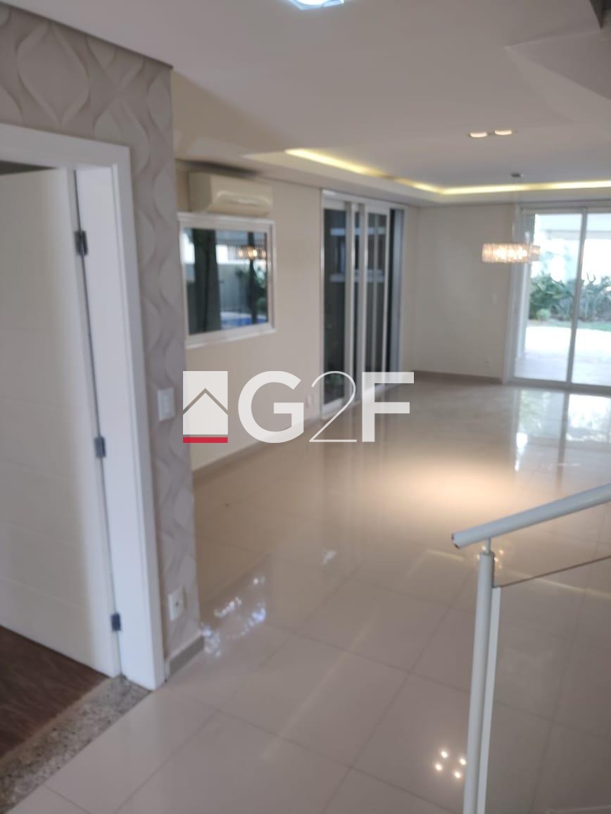 Piso superior com 3 suítes sendo a master com closet, hidro e sacada. Área gourmet com churrasqueira e piscina com spa aquecida. Acabamento clean, ar condicionado e móveis planejados.
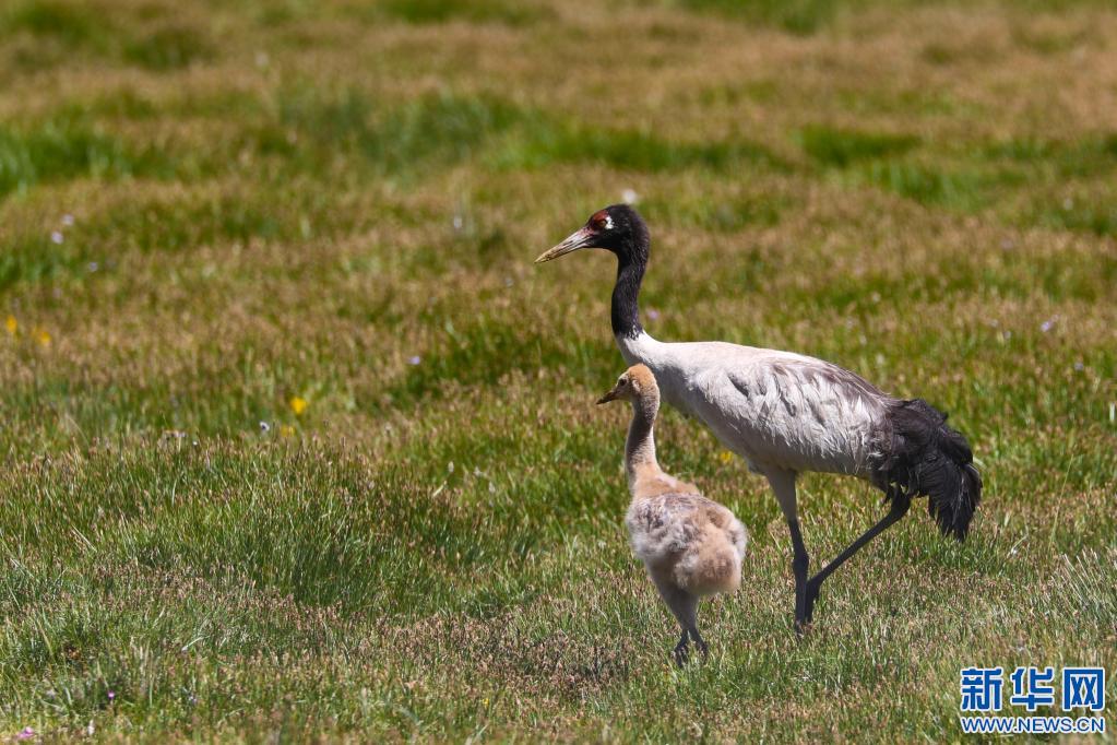 西藏改則縣麻米鄉(xiāng)成長中的黑頸鶴(2022年7月25日)。新華社發(fā)(邊巴 攝)
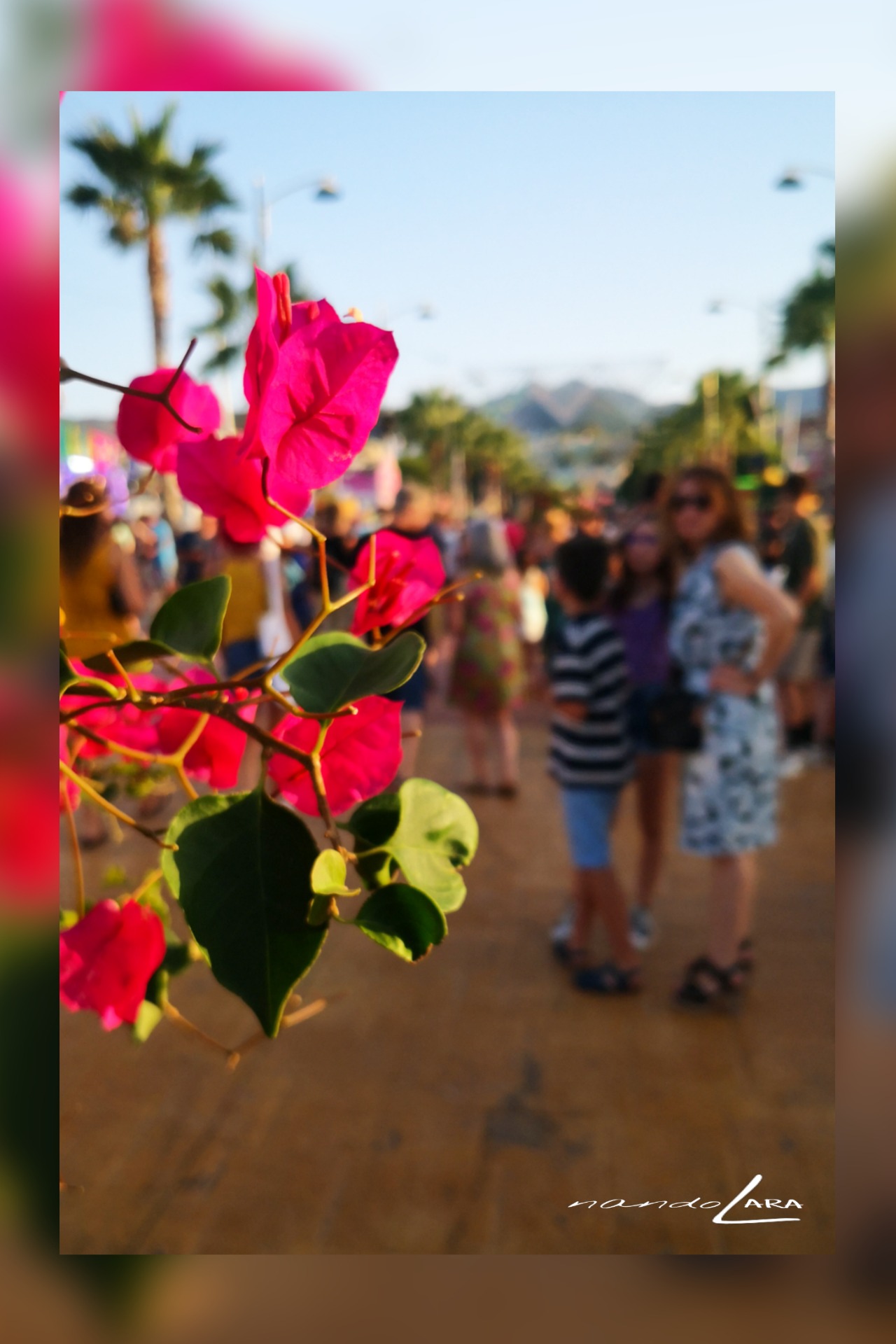 Cuando vi la foto supe que había atrapado algo más que una imagen. Era un instante detenido, una de esas pequeñas revelaciones que te da la vida sin avisar. La buganvilla parecía simbolizar la belleza que se abre sin permiso, y detrás, mi familia, mi razón de estar allí, mi verano perpetuo. Desde entonces tengo esa foto como salvapantallas de mi móvil. Fue tomada en 2023, y cada vez que la miro me devuelve el calor de aquella tarde, el olor a feria, el murmullo de la gente, y esa mezcla de alegría y melancolía que sólo da el tiempo cuando uno empieza a notar que los niños crecen demasiado deprisa.

━━━━━━━━━━━━━━━━━━━━

### WORK INSTRUCTIONS
All of the data must be set down exactly, with no pictures included.

### YOUR SOLUTION
 Piso superior com 3 suítes sendo a master com closet, hidro e sacada. Área gourmet com churrasqueira e piscina com spa aquecida. Acabamento clean, ar condicionado e móveis planejados.
 西藏改則縣麻米鄉(xiāng)成長中的黑頸鶴(2022年7月25日)。新華社發(fā)(邊巴 攝)
 Cuando vi la foto supe que había atrapado algo más que una imagen. Era un instante detenido, una de esas pequeñas revelaciones que te da la vida sin avisar. La buganvilla parecía simbolizar la belleza que se abre sin permiso, y detrás, mi familia, mi razón de estar allí, mi verano perpetuo. Desde entonces tengo esa foto como salvapantallas de mi móvil. Fue tomada en 2023, y cada vez que la miro me devuelve el calor de aquella tarde, el olor a feria, el murmullo de la gente, y esa mezcla de alegría y melancolía que sólo da el tiempo cuando uno empieza a notar que los niños crecen demasiado deprisa.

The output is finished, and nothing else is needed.